I had a feeling in my gut all weekend that I had kept to myself. I just had that mother’s intuition they talk about. I knew that my baby wasn’t being born on Monday. We hadn’t talked directly to the doctor after the appointment. A nurse scheduled us for this induction – now she had been a fabulous nurse my entire pregnancy – SO awesome – but for some reason I just had that feeling. All weekend long we were happily telling people who asked “oh wow when are you due?” – “Monday!!!” But in the back of my mind, I just knew it wouldn’t be happening.
Five am Monday morning came and we were up and jumping in the shower. Running around the house packing things and re-packing things. Happily talking about how our baby would be born this day. We took one last belly shot and a video of Lyle’s bedroom before he officially arrived. Off we went.

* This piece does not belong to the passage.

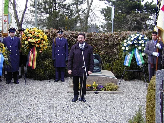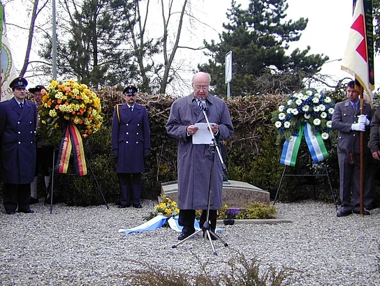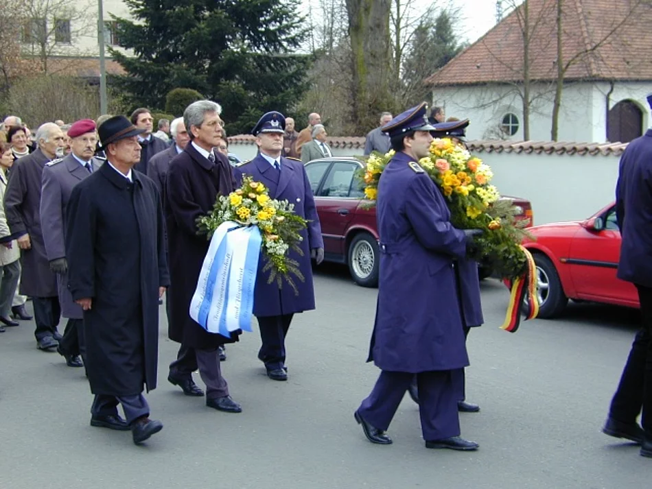 Nach der Messe zogen die Fahnenabordnungen der Vereine mit der Bevölkerung zum Friedhof. Am Grab des Ozeanfliegers erinnerte Bürgermeister Josef Walz an die historische Leistung. Vom Jagdbombergeschwader 34 Allgäu war Oberstleutnant Kollmer gekommen. In seiner Gedenkrede sagte er, dass die Leistungen Hermann Köhls aus der Geschichte der Luftfahrt nicht wegzudenken seien. Er bedaurte dann auch sehr, dass dies nach 44 Jahren die letzte Ehrung seines Geschwaders sei, da es im Juni dieses Jahres außer Betrieb gesetzt wird. In seiner anschließenden Rede ließ Oberst a. D. Hans Joachim Meissner wissen, dass die Traditionsgemeinschaft des Jagdbombergeschwaders 34 und des Fliegerhorstes Memmingen, der ehemalige Soldaten, Beamte, Angestellte und Arbeiter angehören, die Tradition übernehmen werden und die Pflege des Grabes übernehmen. Sowohl Oberstleutnant Kollmer, als auch Oberst a. D. Hans Joachim Meissner ehrten Hermann Köhl mit einer Kranzniederlegung. Der Rektor der Hermann-Köhl-Schule würdigte seiner Ansprache Hauptleherer Engelbert Fischer, der dafür gesorgt hatte, dass die örtliche Schule auf den Namen "Hermann-Köhl-Schule" getauft worden war. Zudem war er den Initiator und Begründer des Hermann-Köhl-Museums, das in seinen Anfängen in der Schule beheimatet war. Zum Dank legte er eine Blumengebinde auf dem Grab von Engelbert Fischer nieder, das sich auf dessen Wunsch in unmittelbarer Nähe zum Grab Hermann Köhls befindet.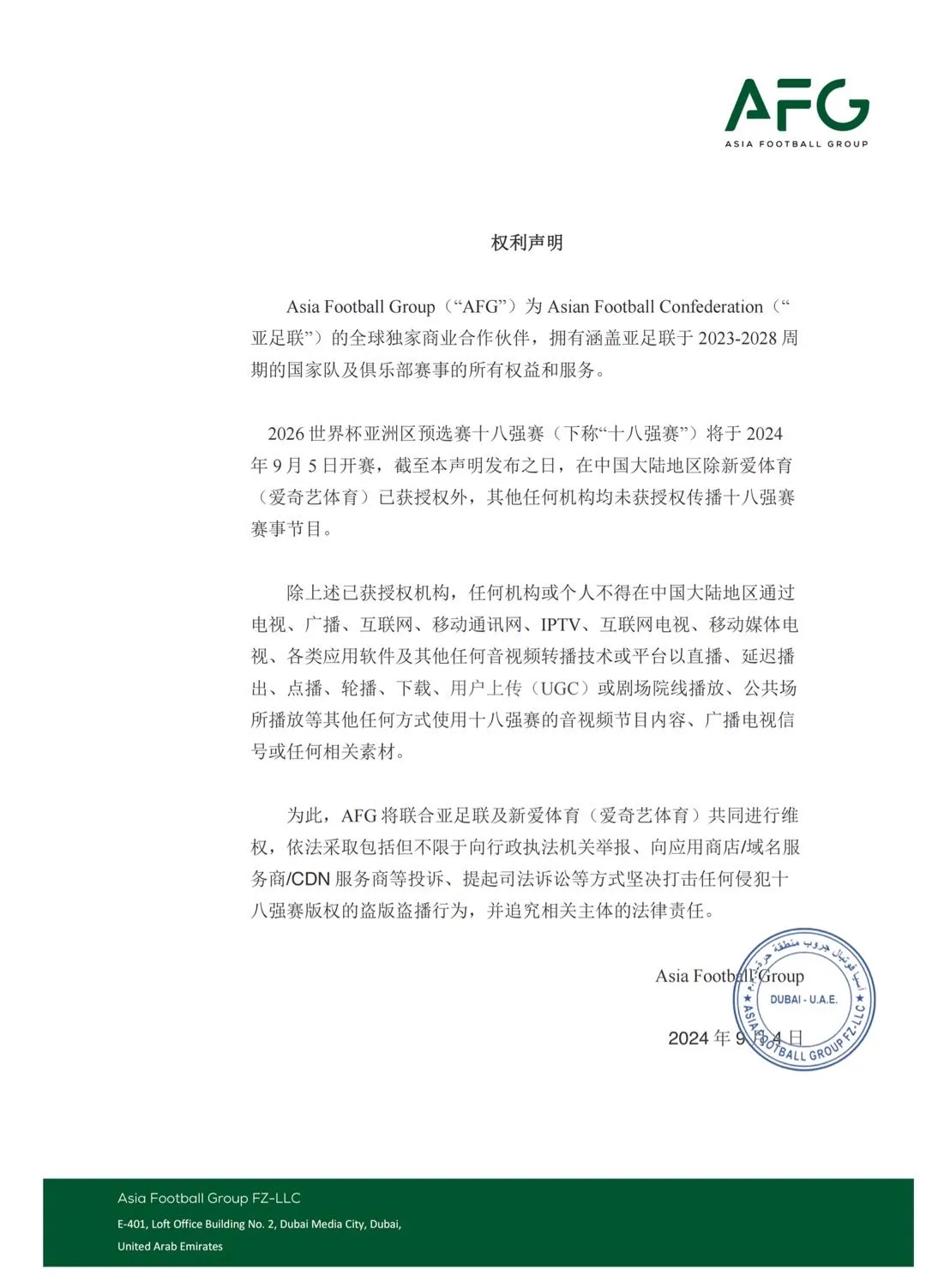 根據亞足聯獨家商業合作伙伴AFG在9月4日發佈的公告表示,截至9月4日,在中國大陸地區只有新愛體育(愛奇藝體育)獲得了亞足聯的授權。換言之,愛奇藝體育是本次中日之戰的獨播方。

We arrived right on time at 7am, checked in with all the paperwork, were directed to our labor room, got changed into the gown and met our nurse. She asked a bazillion questions and I finally started to think to myself, this might actually be happening. Around 8am everything was set and we were told the doctor would be there soon in order to get things started. I had been told I would go straight to pitocin and they explained how it worked. They would slowly increase the amount of pitocin by 2ml every 15 minutes. We texted close family – woohoo here we go!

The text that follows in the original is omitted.